Employers must also ensure that they are not subject to a disparate-impact claim for using discriminatory ratings when taking job-related actions. In contrast to a disparate-treatment claim, which requires intentional discrimination, disparate-impact claims recognize that some employment practices, adopted without a deliberately discriminatory motive, may still violate Title VII because in operation they have significant adverse effects on protected groups. The evidence in these cases usually focuses on statistical disparities and on competing explanations for those disparities. Disparate-impact litigation proceeds in three steps:

  1. A plaintiff must establish a prima facie case by establishing that application of a neutral employment policy has caused a significantly discriminatory pattern. This requires the plaintiff to prove a significant statistical disparity caused by the employment practice. 

  2. The employer may defend against a prima facie showing by demonstrating that the challenged practice is “job related for the position in question and consistent with business necessity.” The employer must prove and assert actual reasons why the challenged employment practice is important to the position. 

  3. A plaintiff can overcome an employer’s business-necessity defense by showing that alternative practices would have less discriminatory effects while ensuring that business needs are met.

The Supreme Court has held that a plaintiff can establish a prima facie case of disparate impact even if the challenged employment practice is subjective. “If an employer’s undisciplined system of subjective decision-making has precisely the same effects as a system pervaded by impermissible intentional discrimination, it is difficult to see why Title VII’s proscription against discriminatory actions should not apply. In both circumstances, the employer’s practices may be said to “adversely affect [an individual’s] status as an employee, because of such individual’s race, color, religion, sex, or national origin.”
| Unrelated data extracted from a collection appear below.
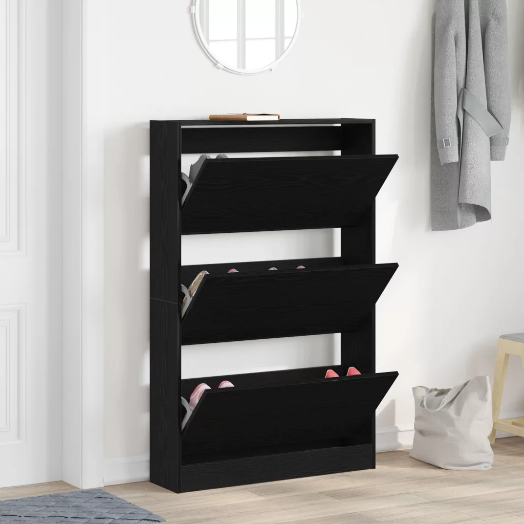 Nézd ezt a Fekete Tölgy cipőtartót polccal! Remek módja a cipőid rendszerezésének bármilyen beltéri helyen. A menő, texturált fakeret elegáns érintést ad a hálók és gardróbok atmoszférájához, összekapcsolva a funkciót a stílusos kinézettel. Rengeteg tárolóhely: A cipőtartó három polccal van felszerelve, ezáltal tökéletes a cipők tárolásához és a rendben tartásához. Különböző méreteknek is van hely, így megúszod a rendetlenséget! Texturált felület: A fakeret textúrája nemcsak stílusos, hanem kellemes tapintású is, így ideális választás modern terekhez. A matt megjelenés miatt jól illik a dekorációdhoz. Szabadon álló forma: Ez a cipőtartó önállóan áll - nem kell a falhoz rögzíteni! Így könnyen áthelyezheted, ahogy csak a hely igényli. Modern stílus: Tiszta vonalaival és téglalap alakjával igazán trendi, stílusos hatást kelt az otthonodban. Beltéri használatra tervezett: Ez a cipőtartó szuper választás hálószobákba és gardróbokba, biztosítva, hogy a cipőid rendezett állapotban várják azt a pillanatot, amikor használatba kerülnek.
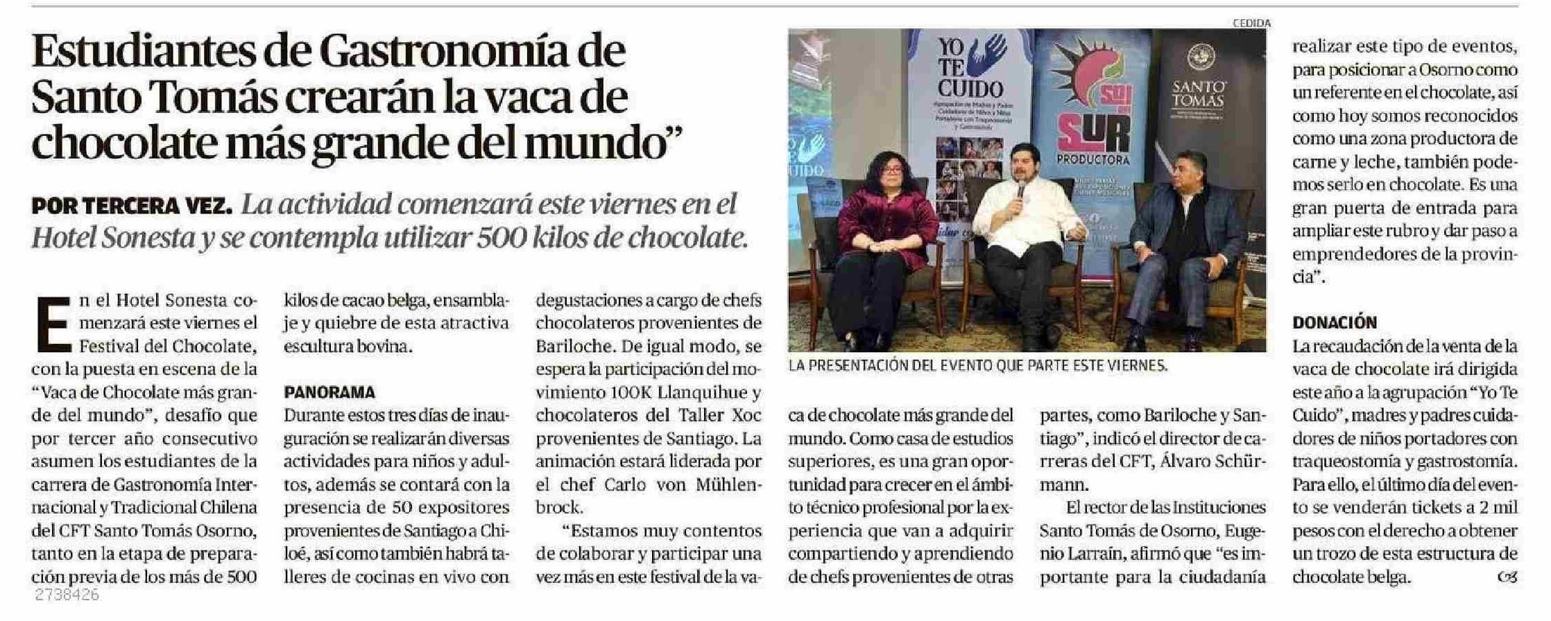 Estudiantes de Gastronomía de Santo Tomás crearán la vaca de chocolate más grande del mundo" 18-06-2025 El Austral de Osorno |
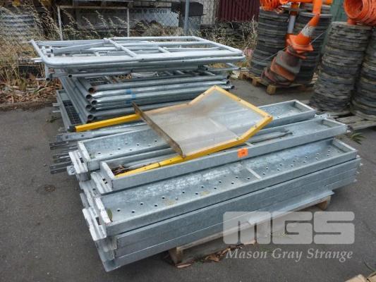 STEEL GALV SCAFFOLD SET:- 12 x THREAD SECTIONS 10 x UPRIGHT SECTIONS, EACH 1.8m (H) BRACES BARS & ADJUSTABLE FEED
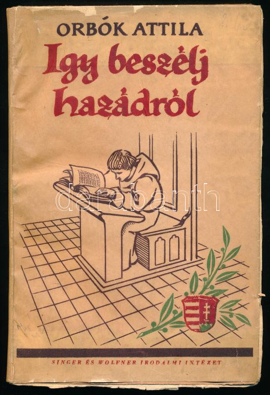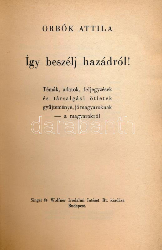 Orbók Attila: Így beszélj hazádról! Témák, adatok, feljegyzések és társalgási ötletek gyűjteménye, jó magyaroknak - a magyarokról. Bp., [1942], Singer és Wolfner, 128 p. Első kiadás. Kiadói illusztrált papírkötés, kissé sérült, javított borítóval.

Assuming that such plaintiffs could establish a prima facie case of disparate impact, the fight would center on business necessity and less discriminatory alternatives. As the Supreme Court stated in the seminal disparate-impact case, “[t]he touchstone is business necessity. If an employer practice … cannot be shown to be related to job performance, the practice is prohibited.” 

Best practices

Restaurants relying on customer feedback to make personnel decisions should take steps to ensure that such decisions are not tainted by discrimination. Restaurants should disregard feedback that appears to be motivated by pernicious stereotypes and put greater emphasis on performance. An employer could ask customers to justify their ratings. Some commentators have suggested allowing customers to see favorable reviews of a worker, arguing that this will place the focus on performance.

By making a good-faith effort to eliminate bias in their rating systems, employers would not only create a more accurate rating system but also severely undercut any potential Title VII action. A plaintiff bringing a disparate-treatment claim would be hard-pressed to explain how a restaurant acquiesced to a customer’s discriminatory preferences in the face of proof that the restaurant took affirmative steps to purge its ratings system of bias. Similarly, a plaintiff bringing a disparate-impact claim would face increased difficulty in establishing a less discriminatory alternative, as the employer’s efforts to reduce bias in the rating system should have already sanitized the system of bias.